By: Krystle Crossman

This is going to be a two part article because the information is very important. Please read carefully.

Children suffer s*xual abuse every day. Many may not say anything so no one really knows what is going on. There are however signs that they are being abused. Child abuse is defined as someone touching a child’s gen!tals for s*xual pleasure or making the child touch someone else’s gen!tals for pleasure, playing s*xual games, or having s*x with a child. Abuse can also be non-physical such as showing children p*rn0graphic images or films or photographing them in compromising positions.

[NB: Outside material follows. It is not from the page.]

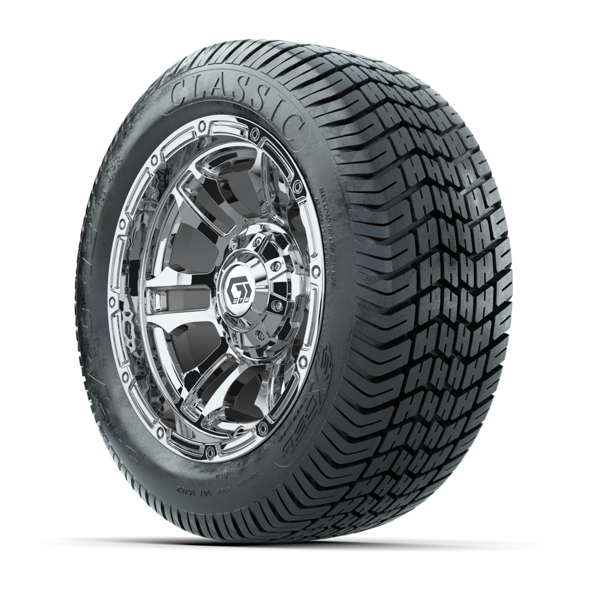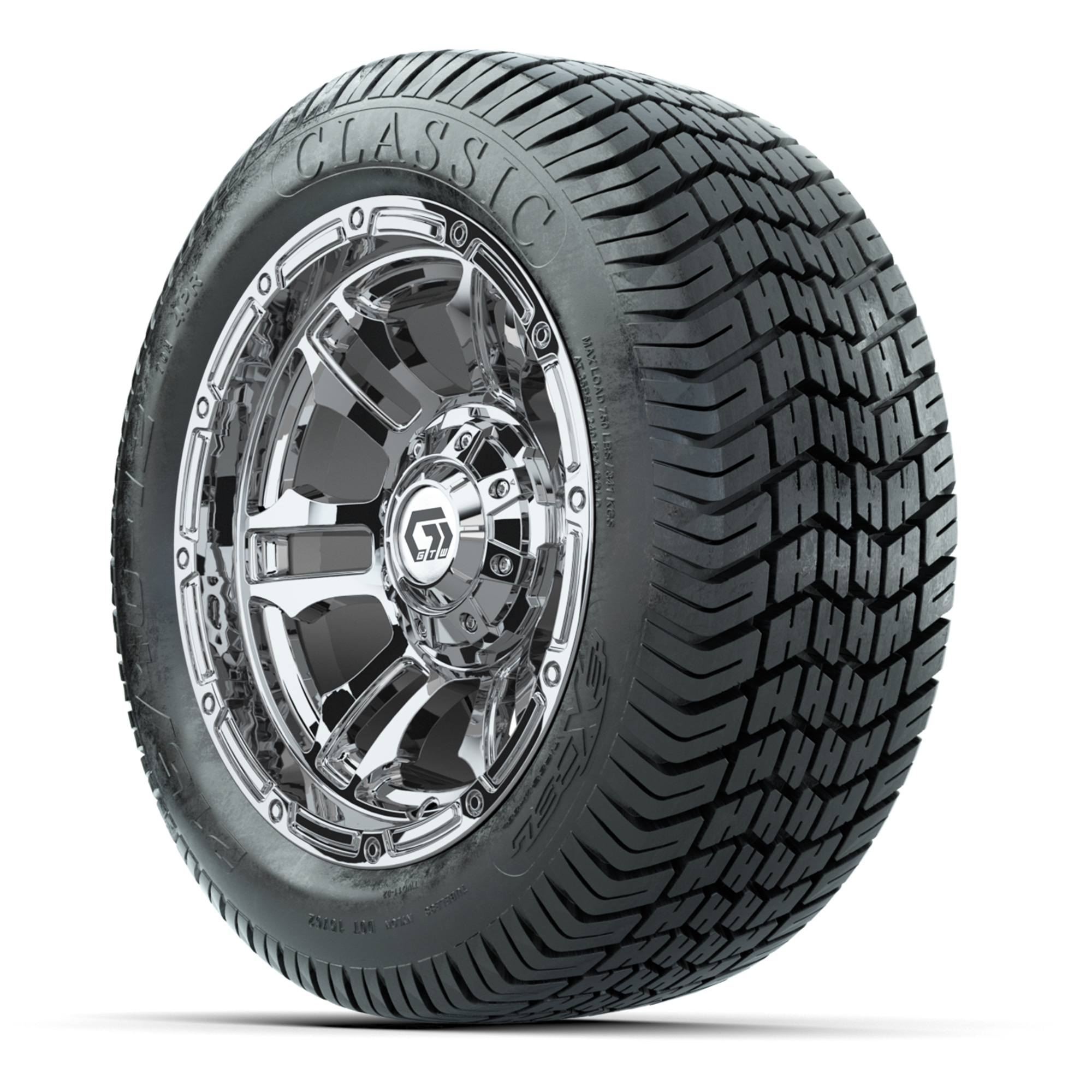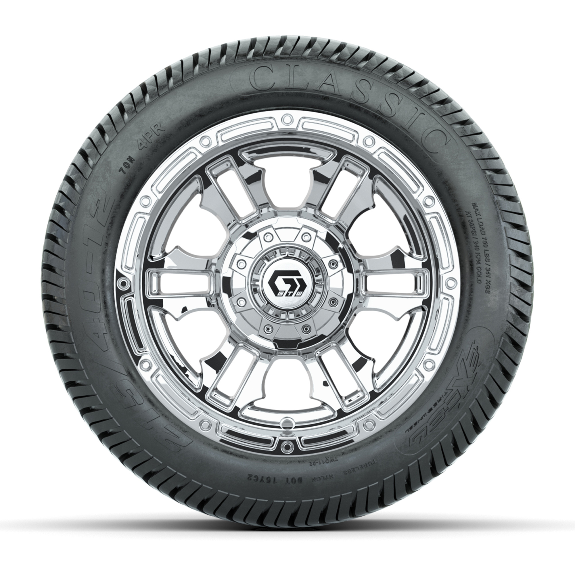 product GTW® Shogun Chrome 12 in Wheels with 215/40-12 Excel Classic Street Tires – Full SetItem # A19-1919A set of (4) 12-inch GTW® Shogun Chrome golf cart wheels mounted on 215/40-12 Excel Classic Street TiresTread Classification:Street/CourseFull kit includes:(4) 12” GTW® Shogun Wheels / Chrome Finish / Offset: 3:4 (ET -.25)(4) 215/40-12 Excel Classic Street Tires / Tire is approx. 19” tall (4-Ply)(4) Color match capsLug nuts sold separatelyPlease Note: All Wheels are 4 on 4 Hole / Lug Pattern (4x101.6mm) unless otherwise specified.Tech Tips:This Tire & Wheel Combo Does not require a lift kitTire & Wheel Combos are mounted and Inflated Before Shipping, Free of ChargePlease Check and Adjust PSI in Tires Before Operation (Recommended Inflation Can Be Found on Sidewall of Tire)All Wheels Have a lug pattern of "4x101.6mm"Lug Nuts Sold Separately:Standard: #LUG4S (Standard Chrome Lug Nuts) Metric: #LUG4M (Yamaha Models) Find A Dealer

There are many ways that a child may be trying to tell us that there is something wrong as opposed to coming right out and saying it. They will try to act a certain way or change their behavior to show you that something is not right. The following are some signs that you may notice:

– Changes in eating habits
– Running away
– Fear of a certain person or not wanting to be alone with a certain person
– Nightmares or sleep issues
– Outbursts of anger
– Physical signs such as bruises
– Acting out inappropriate s*xual games with toys
– Either becoming overly clingy or very withdrawn
– Mood swings and extreme personality changes
– In older children, self-mutilation
– Unexplained gifts or money
– Talk of an “older friend”
– Regressing to younger behaviors such as bed-wetting

These are just some of the ways that a child may be trying to show you that they are being abused by someone. Often times it is someone that they know or sadly are very close to. Some of these signs however do not automatically mean that they are being abused. They may also exhibit these behaviors while in stressful situations such as their parents divorcing, when they have problems at school or with their friends, the death of someone close to them or a pet, or any other traumatic event.

There are signs that can be seen in the abuser as well that may indicate that they are abusing the child such as:

– Offering to babysit or take the child for an overnight stay often
– Favoring a specific child
– Picking on a child
– Insist on physical attention such as hugs, kisses, or wrestling, even if the child does not want physical contact
– Refusing to let a child have privacy or let them make their own decisions
– Insistent on time alone with the child
– Buying the child gifts or giving them money for no reason
– Spending most of their time with the child and not people their own age
– Overly interested in how the child/teen is developing s*xually

Again, these are just some of the warning signs and may not always mean that they are abusing the child, but it does not hurt to investigate or ask for help if you notice anything out of the ordinary.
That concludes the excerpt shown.